Снова выстрел... автоматная очередь, еще одна... Выстрелы слились в непрерывный треск – казалось, там сражается целая армия!

Еще одна очередь... взрыв... еще выстрел – и все стихло.

Она замерла, приоткрыв рот и прислушиваясь; встретилась растерянным взглядом с шейхом.

– Клодин, сосредоточьтесь на шахматах, – негромко сочувственно сказал тот, – вам и самой так будет легче. И поверьте мне, старику – все будет в порядке, он вернется.

Клодин кивнула – слова не шли с языка. Да, конечно, конечно, он вернется – он же профессионал, он знает, что делает!

Пусть вернется – она скажет, что все понимает, что не собирается ловить его на слове и заставлять жениться на себе! Не нужно ей этого... лишь бы он только вернулся!

Глядя на доску и делая вид, что думает над ходом, она прислушивалась к каждому шороху, но больше выстрелов не было. Ни выстрелов, ни шагов – ничего, пока внезапно по шее не засквозило холодком от открывшейся двери; Клодин обернулась – и вздрогнула, увидев ненавистную белую маску.

Халид вошел стремительно, чуть наклонившись вперед, будто двигался против ветра. Теперь Клодин удивлялась, как могла так долго не узнавать его, ведь с первого взгляда ясно, кто это – и по походке, и по тонким смуглым пальцам, и по фигуре – да по всему!

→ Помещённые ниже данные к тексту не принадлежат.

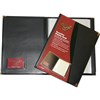 Traditional vinyl fixed pocket display book with copy safe pockets, metal corners and card window on inside of front cover
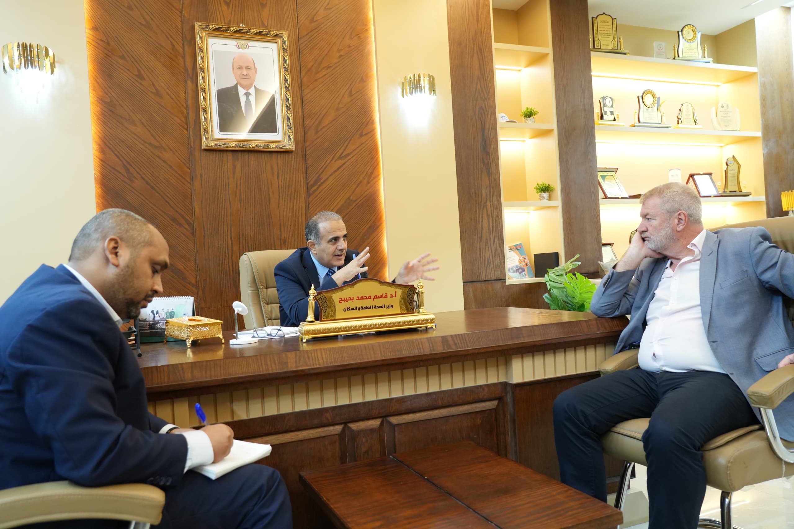 صوت عدن/ نبيل عليوة : التقى وزير الصحة العامة والسكان الدكتور قاسم محمد بحيبح اليوم بالعاصمة المؤقتة عدن ممثل منظمة الأمم المتحدة للطفولة (اليونيسيف) لدى بلادنا بيتر هوكنز لبحث عدد من الموضوعات المتص ...
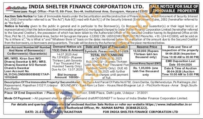 Description Of The Immovable Property/Secured Asset: All Piece And Parcel Of Patta No 6792, Gram Dariba, Gp Mehenduriya, Ps Railmagra dist Rajasamand, Rajasthan 313211, Udaipur BOUNDARY:- East-Ram La Salvi - House, West-Bhagwan Lal Ji - Plot, North-House-Amar Singh, South-Aam Rasta
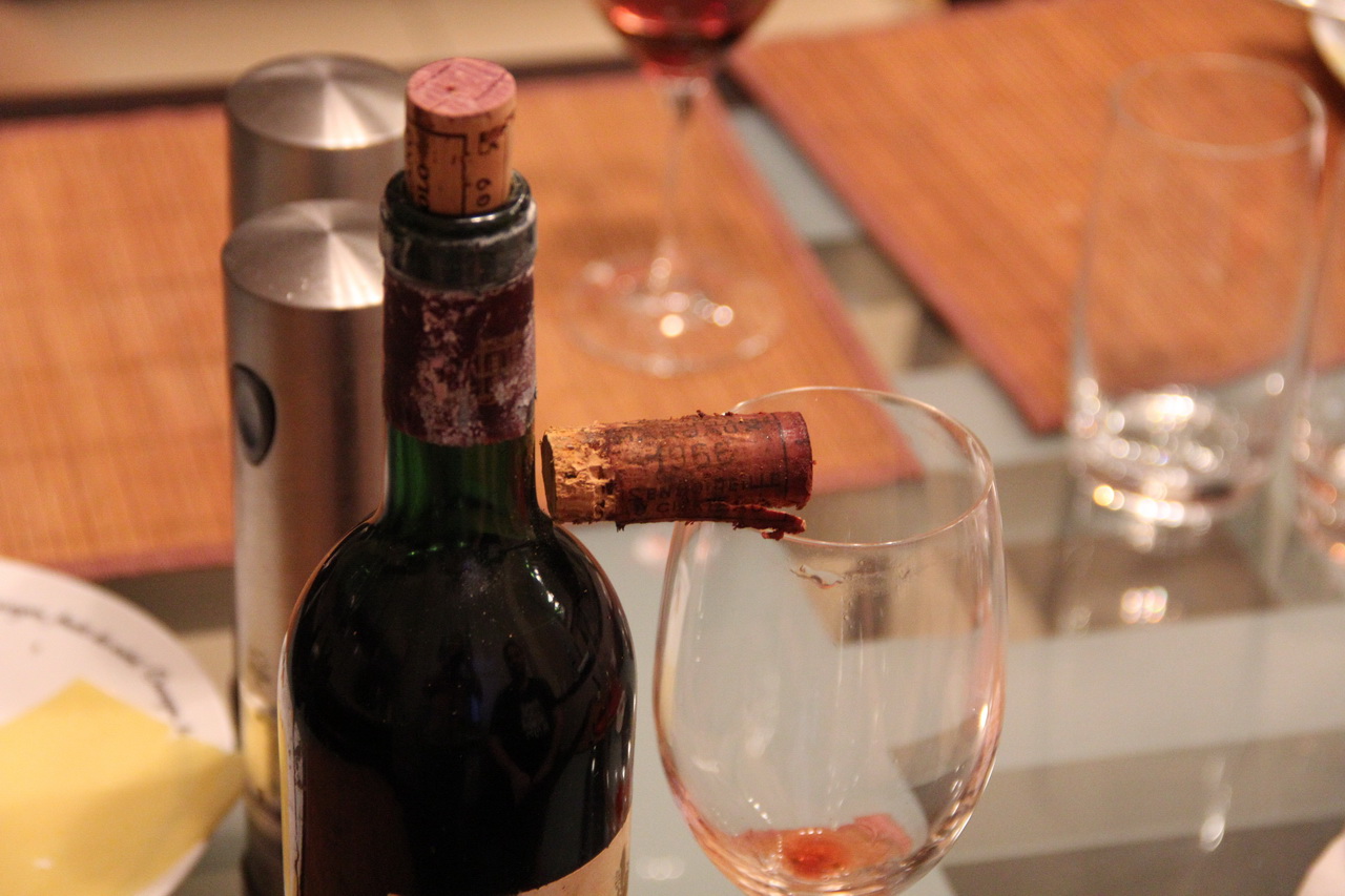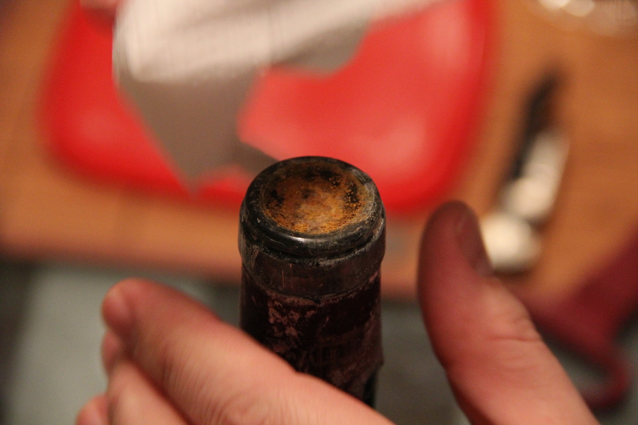 Достали пробку. Денис говорит, что верх пробки хорошо сохранился, запах от пробки - правильный, так что шансы велики.
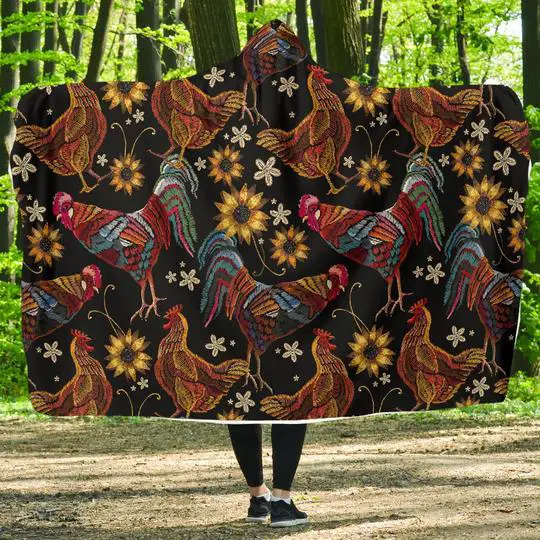 Chickens with Flowers Embroidery Pattern Hooded Blanket
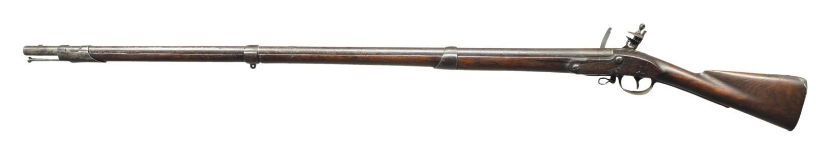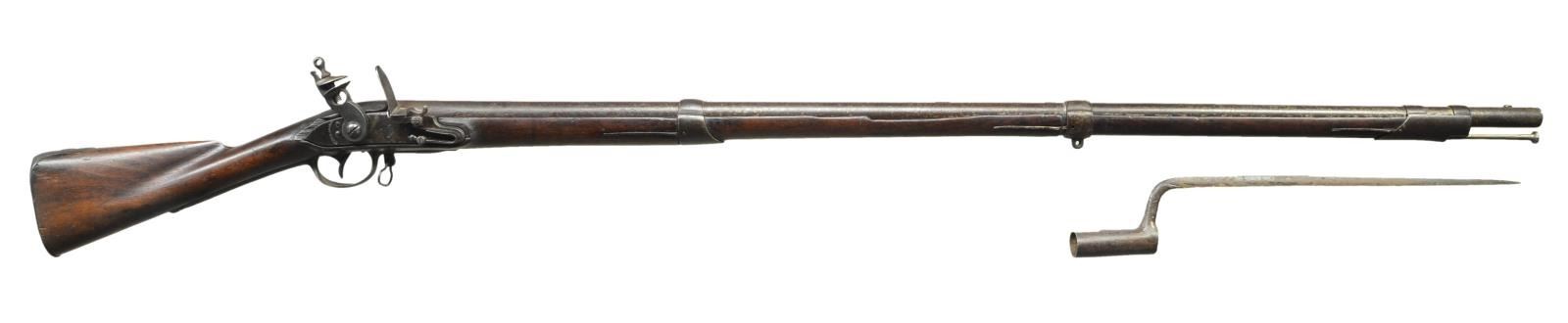 BAYONET. Cal. 69. S# NSN. Bbl. 44.75". Standard configuration of type I model 1795 (made 1799-1806), 59.5” overall, 44.75” barrel stamped top of breech “US” & proofed on left “P / eaglehead / V”. Pointed tail lock, “SPRINGFIELD in vertical arc, eagle over script “US”. Buttplate dated 1801. Battery with flat cock with heart shaped cutout, detachable faceted pan, faceted frizzen face with medial ridge & curved tail, frizzen spring terminates in fleur de les shaped finial. High comb walnut stocked with 3 spring retained bands, pointed ended trigger guard. Inspection script “A” opposite lock. “M” inspection initial rear of triggerguard. Bayonet has 14.5” blade inspected “US” & “NC”. Only 3,205 muskets were made in 1801. CONDITION: good to very good overall, metal has iron patina, sharp markings on lock, pitted trigger guard & buttplate. Stock is sound with hand worn patina, discernible inspection marks. Bayonet fits loosely and made for gun with larger lug. Mechanics fine, dark smooth bore. (01-22765/JS). $2,000-3,000.
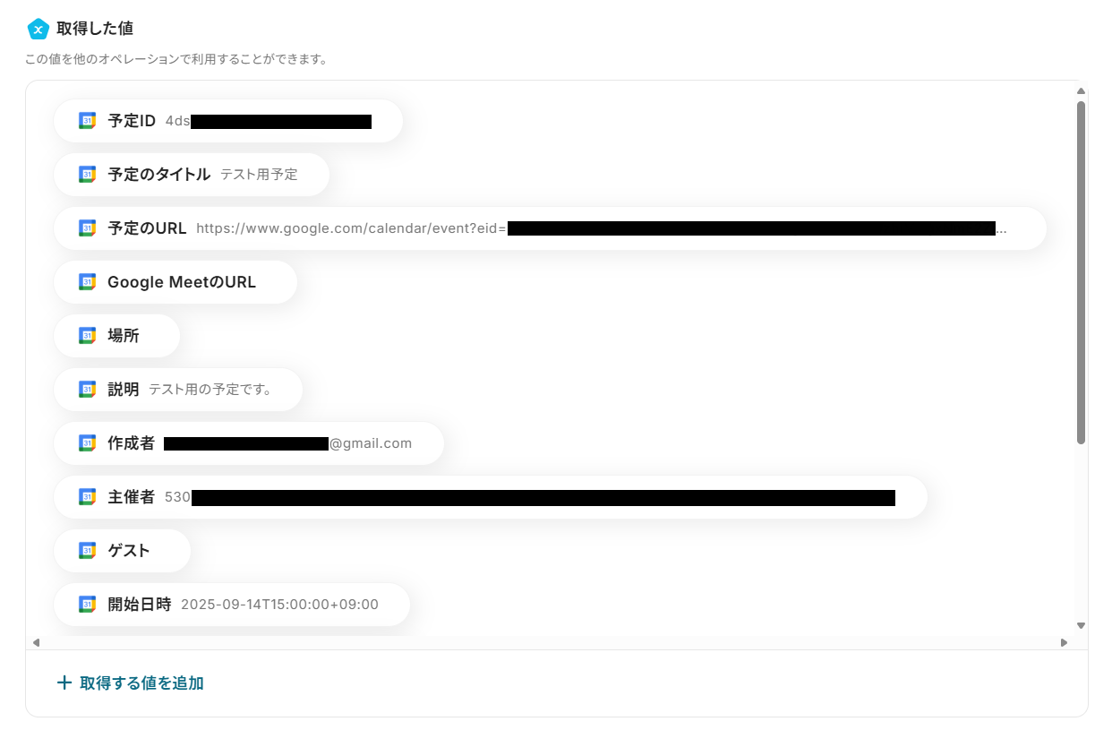 - テストに成功すると、「取得した値」に各ID情報が追加されます。
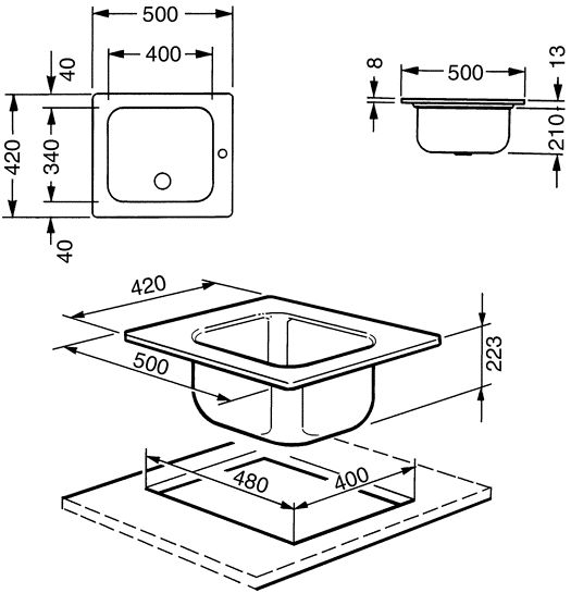 Необорачиваемая кухонная мойка устанавливается в столешницу с бортиком 8 мм, монтажные размеры изделия (ШxГxВ): 500x420x223 мм. Модель прямоугольной формы производится в Италии из высококачественной матовой нержавеющей стали толщиной 0.7 мм. Раковина оборудована вместительной чашей (400x340 мм) глубиной 210 мм, что обеспечивает удобную эксплуатацию. Большая полезная площадь чаши дает возможность использовать крупногабаритную и нестандартную кухонную утварь в процессе приготовления блюд.
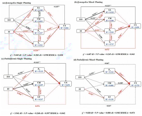 Under EO, MP altered trait-to-CS effects by 68.2%, with the most pronounced change observed in Q. mongolica, which altered trait-to-CS effects by 43.4% (24.9% for P. tabuliformis). Under both IT and EO + IT, mixed planting changed trait-to-CS effects by 59.1%, with the greatest alteration for P. tabuliformis: 42.9% under IT (16.2% for Q. mongolica) and 48.4% under EO + IT (10.7% for Q. mongolica).
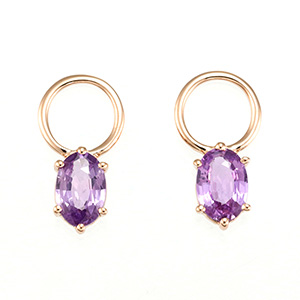 | パープルのお色味を耳元で楽しめる、シンプルデザインのアイテム。オーバルのサファイアを6本の爪でとめてデザイン性を持たせています。 (元品番:368794) |
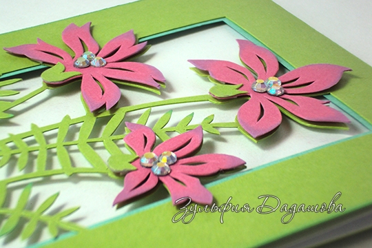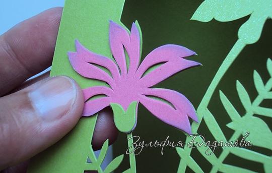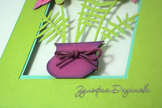 Приклейте детали на лицевую сторону открытки. Из белой бумаги меньшей плотности вырежьте вкладыш по размеру открытки. Приклейте вкладыш внутрь открытки к задней стороне. Из плотной бумаги холодного зеленого оттенка вырежьте по схеме прямоугольную рамку (каемку) и приклейте к окошку с внутренней стороны. Горлышко горшка можно перевязать декоративным шнуром или ленточкой в тон, но сделать это нужно до приклеивания детали на открытку. В середину цветов можно приклеить стразы.
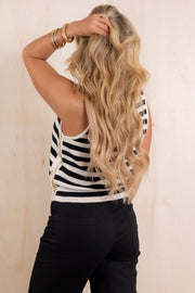 This sleeveless tank features a rounded neckline and a waist-length cut, crafted from soft sweater material for comfortable wear. Its striped print adds a classic touch, making it a versatile piece for warm city days.

Подойдя к шейху, он нетерпеливо сказал что-то. Только теперь Абу-л-хаир соизволил поднять голову от доски к ответить – довольно резко и с толикой презрения в голосе.

Клодин уже достаточно поднаторела если не в арабском языке, то в жестах, сопровождавших речь, да и с ситуацией была знакома – так что примерно могла догадываться о смысле сказанного. Халид, похоже, сообщил шейху, что пора собираться. Абу-л-хаир же ответил, что никуда плыть не намерен – и что он много раз просил не мешать ему, когда он играет в шахматы.

После этого Халид обратил внимание на ее, Клодин, скромную персону и приказал Зияду немедленно ее увести. Тот сдвинулся было с места – и снова замер, повинуясь щелчку костлявых старческих пальцев. Шейх же с ехидной любезностью посоветовал своему внуку самому пойти куда подальше (жест был весьма выразителен).

Хотя на пластиковой личине никаких эмоций, понятное дело, не отразилось, Клодин показалось, что она слышит из-под нее злобное шипение наподобие змеиного и скрежет зубов. Круто, по-военному развернувшись, Халид направился к двери. Абу-л-хаир спросил его что-то вслед – он обернулся и бросил раздраженным тоном пару фраз.

Когда за ним закрылась дверь, шейх подождал с полминуты, прислушиваясь, после чего тихо сказал:

– Не бойтесь, Клодин, с вашим молодым человеком все в порядке. Халид сказал, что он ранил двоих его людей и снова, непонятно как, сумел ускользнуть. – Чуть помедлил и добавил с невеселой улыбкой: – Хотя мы с ним вроде бы по разные стороны – все же не могу не отдать должное его подготовке. Он давно в армии?

– С шестнадцати лет.

– А... ну да, да – я и забыл, что в Англии это допустимо... – Последние слова шейх произнес, казалось, машинально.

Опустив голову, он задумчиво побарабанил пальцами по доске – и, словно решив что-то для себя, обратился к Зияду. И вновь Клодин почти с уверенностью поняла смысл сказанного: шейх приказывал ему идти на катер.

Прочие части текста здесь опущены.